Ng Je Ngay (kiri) korban mafia tanah di Jakbar (Foto: dok. Istimewa)
Jakarta -

Seorang lansia bernama Ng Je Ngay (70) menyurati Kapolda Metro Jaya Irjen Fadil Imran. Lansia tersebut meminta permohonan perlindungan hukum kepada Irjen Fadil setelah menjadi korban mafia tanah di daerah Jakarta Barat.

Pengacara korban, Aldo Joe, mengaku telah menyurati Kapolda Metro sebanyak lima kali. Pada Senin (6/12) kemarin, Aldo kembali datang ke Polda Metro Jaya untuk memperjuangkan kliennya, yang kehilangan rumah senilai Rp 3 miliar.

"Harga rumahnya itu diperkirakan senilai Rp 2 miliar sampai Rp 3 miliar karena NJOP-nya saja Rp 1,9 miliar. Si pelaku ini membeli dengan harga Rp 800 juta dan kebenaran itu pun kami tidak tahu," kata Aldo.

Ng Je Ngay Malah Dipolisikan

Aldo mengatakan kliennya membeli rumahnya itu pada 1990 oleh seorang warga bernama Oceng Lim. Namun, pada 2017, korban justru dilaporkan ke Polsek Tamansari atas dugaan penyerobotan lahan.

"Di situ klien kami baru tahu ada permasalahan tersebut yang mana KTP, KK, dan NPWP, buku tabungan ini semua dipalsukan pelaku. Akhirnya klien kami layangkan laporan di Polres Jakarta Barat tahun 2018," katanya.

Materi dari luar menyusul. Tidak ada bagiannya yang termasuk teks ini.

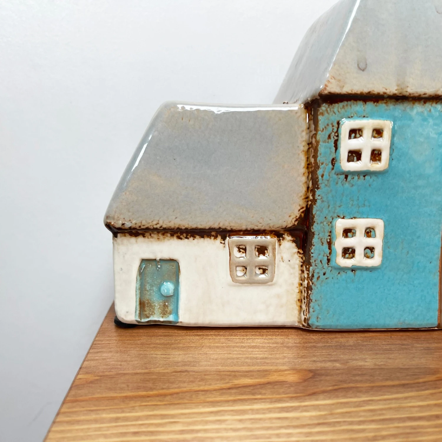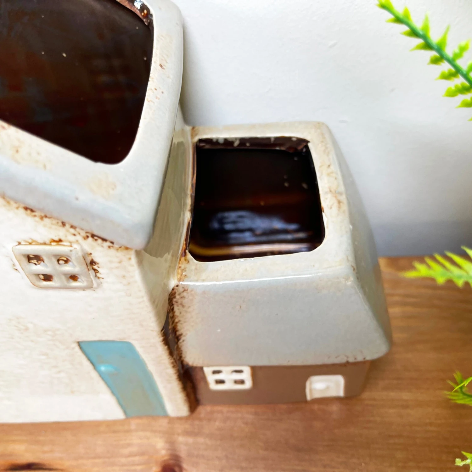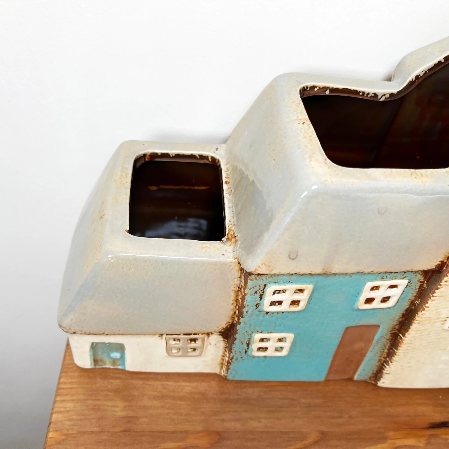 This row of ceramic village cottage houses designed to be a plant pot is delocately made and painted to perfection. It will look great in any setting.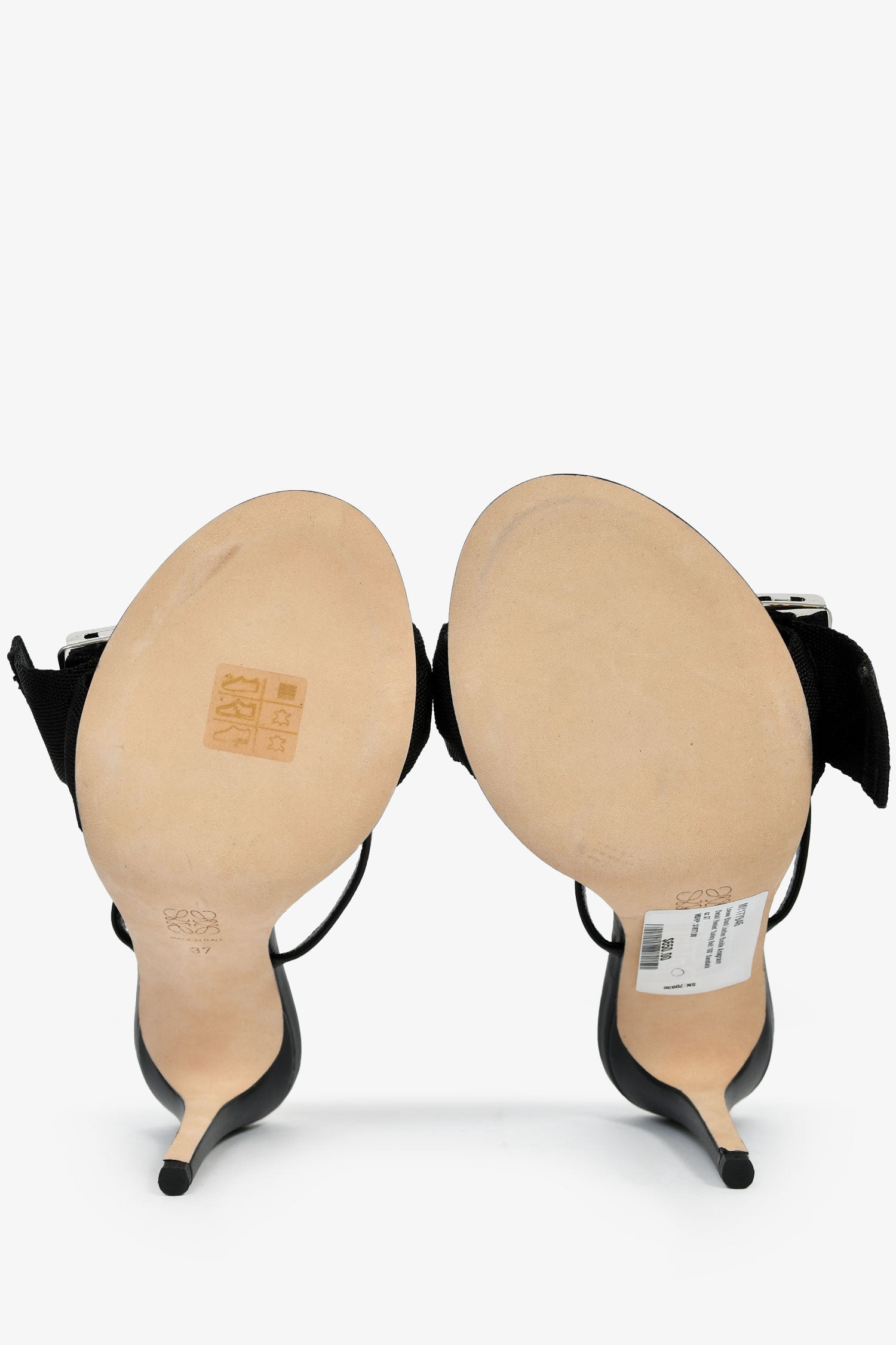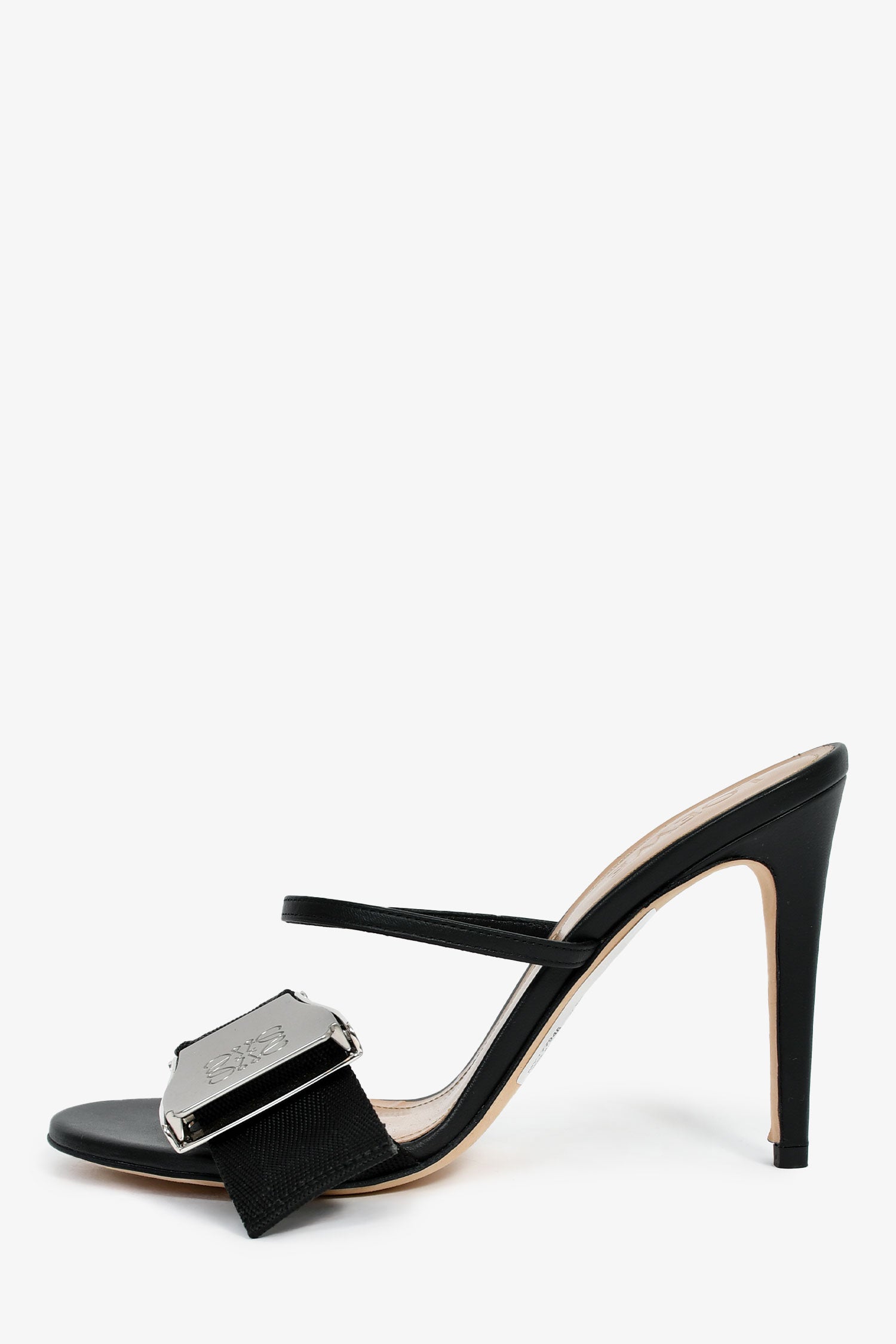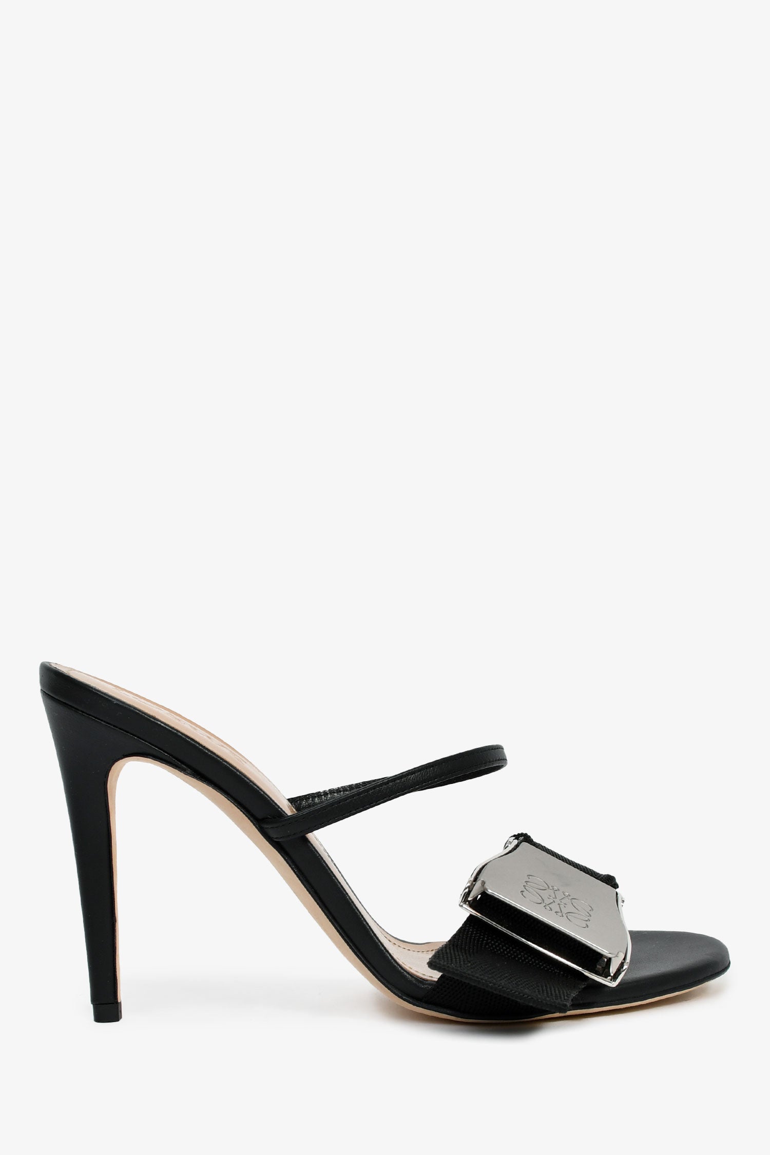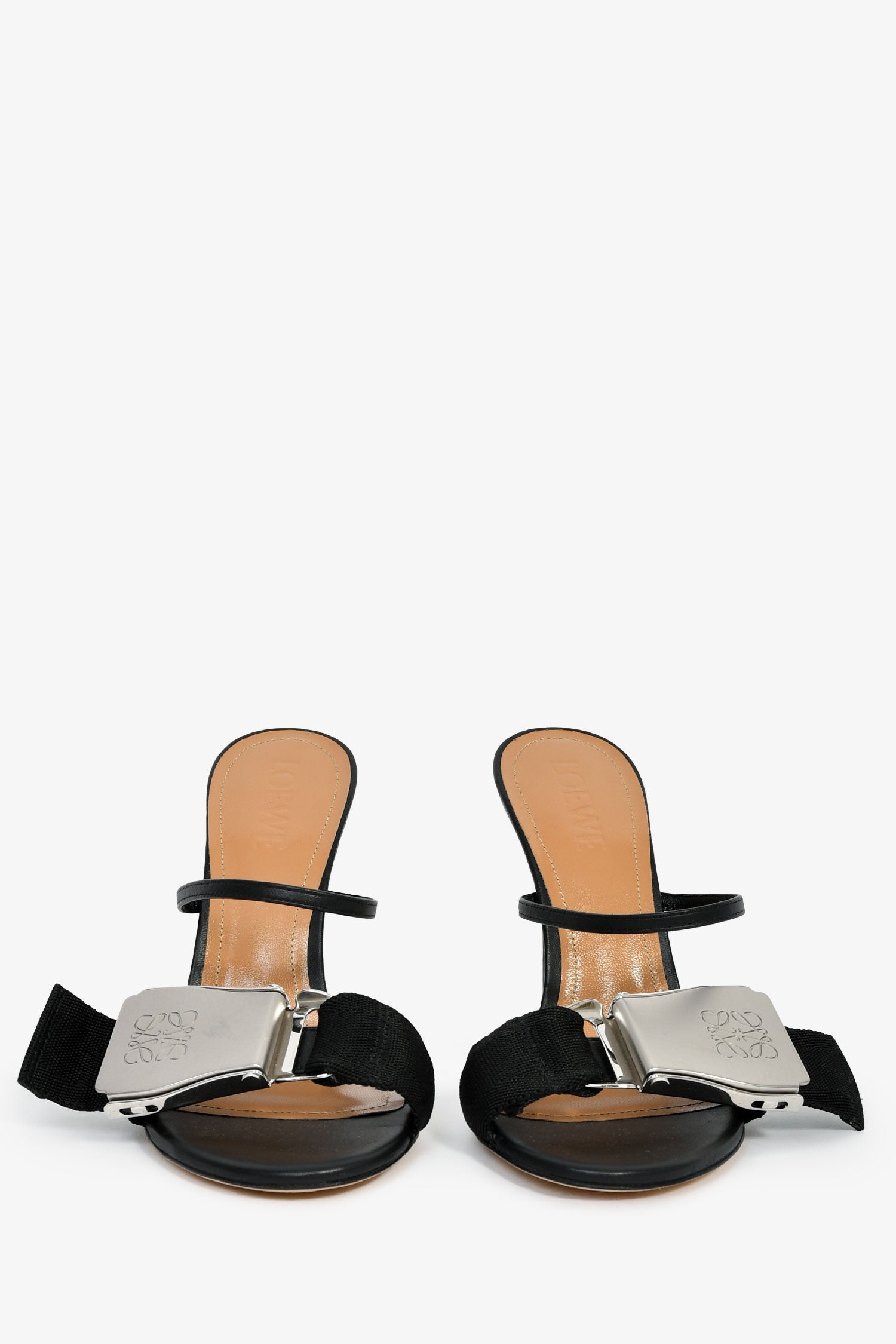 Refresh availabilityLoewe Black Leather Buckle Anagram Detail Heeled 'Safety Belt 100' Sandals. Slip-on. Open toe. Silver-tone hardware. Tonal stitching.

Hasil penyelidikan polisi kemudian menetapkan pelaku inisial AG sebagai tersangka. Namun pihak korban mempertanyakan ketegasan polisi yang tidak menahan AG setelah dua kali mangkir dalam panggilan pemeriksaan.

"Saksi-saksi juga sudah mengemukakan sedemikian rupa keterlibatan pelaku di sini. Pada 5 Oktober pelaku ditetapkan tersangka. Tapi sampai detik ini belum ada kinerja lebih lanjut atau pengambilan sikap oleh Polres Metro Jakarta Barat terhadap pelaku," terang Aldo.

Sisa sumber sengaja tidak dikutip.